Aude Robert offre au spectateur un regard personnel sur son environnement. Comme pour le cinéma que l’artiste affectionne tant (elle est également projectionniste professionnelle), elle fixe la réalité qu’elle transforme. Elle passe d’une réalité enregistrée à un territoire créé de toute pièce, pour s’en éloigner. Ses dessins, semblables à des figures en mouvement, en pleine mutation, oscillent entre la carte géographique, la dentelle et l’univers onirique. Des formes, qui tiennent à la fois d’une cartographie trouble et d’une végétation abstraite, affleurent la surface, laissant deviner une fusion entre « la carte et le territoire », entre le macrocosme et le microcosme. Ce va-et-vient créé entre le microscopique et le macroscopique perd le promeneur-regardeur dans un réseau de lignes, à la fois irréel et familier. Ces territoires existants mais savamment inventés prennent une forme très arachnéenne. Entre réseau urbain, nervure végétale et ouvrage animal, le repère, aussi bien dimensionnel que distinctif, est impossible. The reality is out of there*. Le travail d’assemblage, de superpositions, de liens, de traits de crayon, provoque un entrelacs graphique où l’œil peine à se fixer. Broderie, toile d’araignée, filet, nasse, stratification, vue du ciel, reproduction biologique, circonvolution cérébrale, autant de visions envisageables. Le dessin vibre, conduit le regardeur dans un voyage intérieur, dans une fluidité aérienne*, ou encore dans une densité aqueuse*, à s’y noyer.
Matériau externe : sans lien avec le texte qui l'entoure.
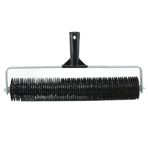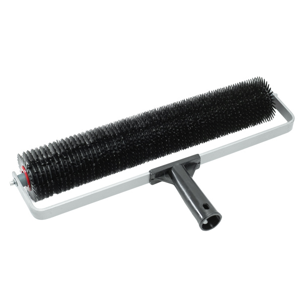 Изготовлен из пластмассы. Шип 10 мм с закруглением. Предназначен для прокатывания неотвержденных лицевых слоев наливных полов, стяжек с целью удаления воздуха.

Terre, mer, eau*. L’aquarelle amène la couleur, faisant naître l’atmosphère. La couleur apparaît timidement dans l’œuvre graphique d’Aude Robert, comme si là aussi elle souhaitait respecter l’histoire du cinéma. Elle commence tout juste à coloriser ses dessins, à fixer la vibration lumineuse d’un environnement, à peindre l’impression du temps*. Oscillation du trait et pulsation de la couleur. Cette dernière apporte aux paysages de l’artiste des impressions spatiales et temporelles, et un rythme, ce rythme que nous percevons dans les vidéos, où les notions de respiration, de va-et-vient, d’équilibre et de déséquilibre sont convoquées. D’ailleurs, la plasticienne navigue elle-même dans ce balancement entre la vidéo et le dessin, pour au final voir ces deux pratiques se compléter, voire se combiner : les superpositions d’images dessinées sont semblables à des figures mobiles, la projection est nécessaire dans la conception des dessins, le format du papier est révélateur. Aude Robert ne négocie pas. Elle a fait le choix d’utiliser l’image en mouvement par ces deux procédés. Ce qui n’est pas n’a pas lieu d’être. Ce qui est, est !*
Elle est aussi cela Aude Robert, fluide et résolue.
* Phrases extraites de son carnet de bord – prises de notes.